CVE-2026-42559: DNS Rebinding and CSRF in Model Context Protocol (MCP) HTTP Transport

The vulnerability resides in the rmcp crate, which provides the official Rust SDK for the Model Context Protocol (MCP). The dynoxide database proxy utilizes this crate to expose DynamoDB-compatible database operations via an MCP interface. The flaw specifically affects the StreamableHttpServer transport layer, which is enabled when users run dynoxide with the --http or --mcp flags.

The core issue is classified as CWE-346 (Origin Validation Error) and CWE-350 (Reliance on Reverse DNS Resolution for a Security-Critical Action). The HTTP transport server accepts incoming requests without verifying that the Host header corresponds to the expected local loopback address. This omission violates secure-by-default principles for local daemons.

Because the server listens on a local interface but fails to restrict the origin of the requests it processes, it exposes the local application to web-based attacks. An external attacker can interact with the local service by leveraging the browser of a user running the vulnerable daemon. The default stdio transport remains unaffected because it does not rely on HTTP communication.

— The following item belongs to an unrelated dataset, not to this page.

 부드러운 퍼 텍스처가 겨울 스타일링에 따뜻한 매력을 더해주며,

The fundamental flaw exists within the request routing and validation logic of the rmcp crate's streamable HTTP server. Prior to version 1.4.0, the Tower service layer constructed the HTTP transport without implementing any middleware to validate the Host header of incoming HTTP requests. The server processed any well-formed HTTP request directed to its bound port, regardless of the target domain specified by the client.

Modern web browsers enforce the Same-Origin Policy (SOP) to prevent a website from making arbitrary authenticated requests to a different domain. Browsers also prevent client-side JavaScript from modifying security-critical headers, including the Host header. However, the SOP operates based on the domain name, not the underlying IP address. If a domain name dynamically resolves to a different IP address, the browser continues to send the original domain name in the Host header.

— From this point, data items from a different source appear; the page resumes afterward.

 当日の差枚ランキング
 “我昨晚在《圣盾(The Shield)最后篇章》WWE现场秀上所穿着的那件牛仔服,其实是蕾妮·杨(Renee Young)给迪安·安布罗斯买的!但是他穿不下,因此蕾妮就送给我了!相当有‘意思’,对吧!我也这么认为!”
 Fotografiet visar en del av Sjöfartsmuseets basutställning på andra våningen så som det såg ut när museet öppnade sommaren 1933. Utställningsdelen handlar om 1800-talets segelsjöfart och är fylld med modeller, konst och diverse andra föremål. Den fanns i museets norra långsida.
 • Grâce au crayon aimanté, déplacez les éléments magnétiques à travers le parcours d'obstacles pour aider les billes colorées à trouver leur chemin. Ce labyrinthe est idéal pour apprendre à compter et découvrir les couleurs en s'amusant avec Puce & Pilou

When the rmcp server receives a request resulting from a DNS rebinding attack, the Host header contains the attacker's domain (e.g., attacker.com), while the destination IP is 127.0.0.1. The lack of Host validation allows the server to parse the request, execute the underlying MCP tool, and return the result. The browser then delivers this response back to the malicious JavaScript, completing the unauthorized data extraction or modification.

The fix was introduced in rmcp commit 8e22aa2de28df5a285eed87c11cd89bf15fa90d3. The patch implements a dedicated Tower middleware function to intercept and validate requests before they reach the MCP tool execution context. The key addition is the validate_dns_rebinding_headers function in crates/rmcp/src/transport/streamable_http_server/tower.rs.

// Patched code snippet from tower.rs
fn validate_dns_rebinding_headers(
    headers: &HeaderMap,
    config: &StreamableHttpServerConfig,
) -> Result<(), BoxResponse> {
    let host = parse_host_header(headers)?;
    // The patch enforces validation against an explicit allowlist
    if !host_is_allowed(&host, &config.allowed_hosts) {
        return Err(forbidden_response("Forbidden: Host header is not allowed"));
    }
    Ok(())
}

The StreamableHttpServerConfig now enforces a default Host allowlist containing ["localhost", "127.0.0.1", "::1"]. Any request with a Host header not matching this list is rejected with an HTTP 403 Forbidden response. This directly neutralizes the DNS rebinding vector.

Additionally, dynoxide version 0.9.13 implements defense-in-depth by upgrading the rmcp dependency and adding explicit allowed_hosts and allowed_origins checks. The Origin check mitigates a secondary CSRF vector where a malicious page could attempt to issue requests to the exact loopback IP using fetch with mode: 'no-cors'. The combined Host and Origin validation ensures complete protection against cross-origin interactions.

Exploitation requires the victim to run the vulnerable dynoxide server locally with the HTTP transport enabled. The attacker then lures the victim to a malicious website. The exploitation chain relies entirely on standard browser behavior and DNS infrastructure.

The attacker provisions a domain, such as attacker.com, and configures the authoritative name server to respond with a very short Time-To-Live (TTL) record. The initial DNS A record points to an external server hosting the malicious payload. The victim's browser resolves the domain, connects to the external server, and executes the JavaScript payload.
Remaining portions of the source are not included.